12. EL PRIMERO

FONTAINE'S first glimpse of the boy comes as he starts to lay out the morning's stock in his narrow display window: rough dark hair above a forehead pressed against the armored glass.

Fontaine leaves nothing of value in the window at night, but he dislikes the idea of an entirely empty display.

He doesn't like to think of someone passing and glimpsing that vacancy. It makes him think of death. So each night he leaves out a few items of relatively little value, ostensibly to indicate the nature of the shop's stock, but really as a private act of propitiatory magic.

This morning the window contains three inferior Swiss mechanicals, their dials flecked with age, an IXL double penknife with jigged bone handles and shield, fair condition, and an East German military field telephone that looks as though it has been designed not only to survive a nuclear explosion but to function during one.

Fontaine, still on the morning's first coffee, stares down, through the glass, at the matted, spiky hair. Thinking this at first a corpse, and not the first he's discovered this way, but never propped thus, kneeling, as in attitude of prayer. But no, this one lives: breath fogs Fontaine's window.

In Fontaine's left hand: a 1947 Cortebert triple-date moon phase, manual wind, gold-filled case, in very nearly the condition in which it left the factory. In his right, a warped red plastic cup of black Cuban coffee. The shop is filled with the smell of Fontaine's coffee, as burnt and acrid as he likes it.

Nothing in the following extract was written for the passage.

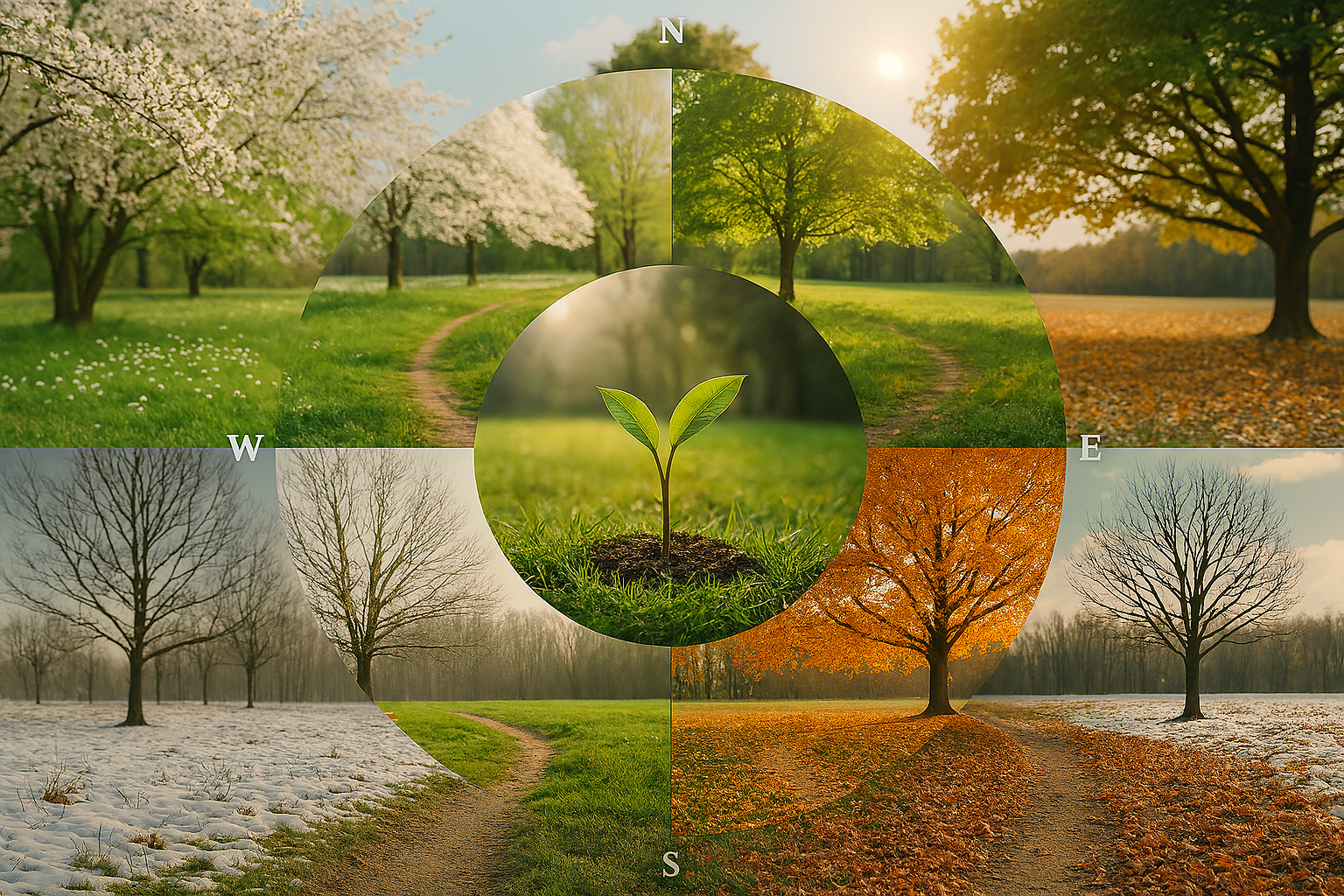 Daan van Kampenhout[1] beschrijft hoe je, aanvullend op de seizoenen, de vier windrichtingen (oost, zuid, west, noord) kunt gebruiken bij het benaderen van uitdagingen en groei in organisaties. Elke richting vertegenwoordigt een andere manier van kijken en handelen, die samen zorgen voor balans en een integrale aanpak.. Het stimuleert om niet alleen om niet alleen rationeel, maar ook intuïtief, relationeel en reflectief te werken. Zo ontstaat er ruimte voor groei, verbinding, integratie en wijsheid binnen de organisatie.

Condensation slowly pulses on the cold glass: gray aureoles outline the kneeler's nostrils.

Fontaine puts the Cortebert back in the tray with the rest of his better stock, narrow divisions of faded green velour holding a dozen watches. He sets the tray aside, on the counter behind which he stands when he does business, transfers the red plastic cup to his left hand, and with his right reassures himself of the Smith&Wesson.32-.22 Kit Gun in the right side pocket of the threadbare trench coat that serves him as a dressing gown.

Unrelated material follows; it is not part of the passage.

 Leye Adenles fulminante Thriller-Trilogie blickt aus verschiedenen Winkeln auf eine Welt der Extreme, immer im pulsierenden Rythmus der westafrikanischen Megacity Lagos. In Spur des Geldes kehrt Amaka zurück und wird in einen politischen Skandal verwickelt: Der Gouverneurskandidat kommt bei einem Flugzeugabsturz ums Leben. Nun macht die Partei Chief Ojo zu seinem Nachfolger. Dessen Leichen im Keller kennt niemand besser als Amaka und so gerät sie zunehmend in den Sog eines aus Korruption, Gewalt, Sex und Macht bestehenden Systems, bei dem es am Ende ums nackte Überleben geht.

The little gun is there, older than some of his better watches, its worn walnut grip comforting and familiar. Probably intended to be kept in a freshwater fisherman's tackle box, against the dispatching of water snakes or the decapitation of empty beer bottles, the Kit Gun is Fontaine's considered choice: a six-shot rimfire revolver with a four-inch barrel. He doesn't want to kill anyone, Fontaine, though if truth be known, he has, and very probably could again. He dislikes recoil, in a handgun, and excessive report, and distrusts semi-automatic weapons. He is an anachronist, a historian: he knows that the Smith&Wesson's frame evolved for a.32-caliber center-fire round, long extinct, that was once the standard for American pocket pistols. Rechambered for the homely.22, it survived, in this model, well into the middle of the twentieth century. A handy thing and, like most of his stock, a rarity.

He finishes the coffee, places the empty cup on the counter beside the tray of watches.

He is a good shot, Fontaine. At twelve paces, employing an archaic one-handed duelist's stance, he has been known to pick the pips from a playing card.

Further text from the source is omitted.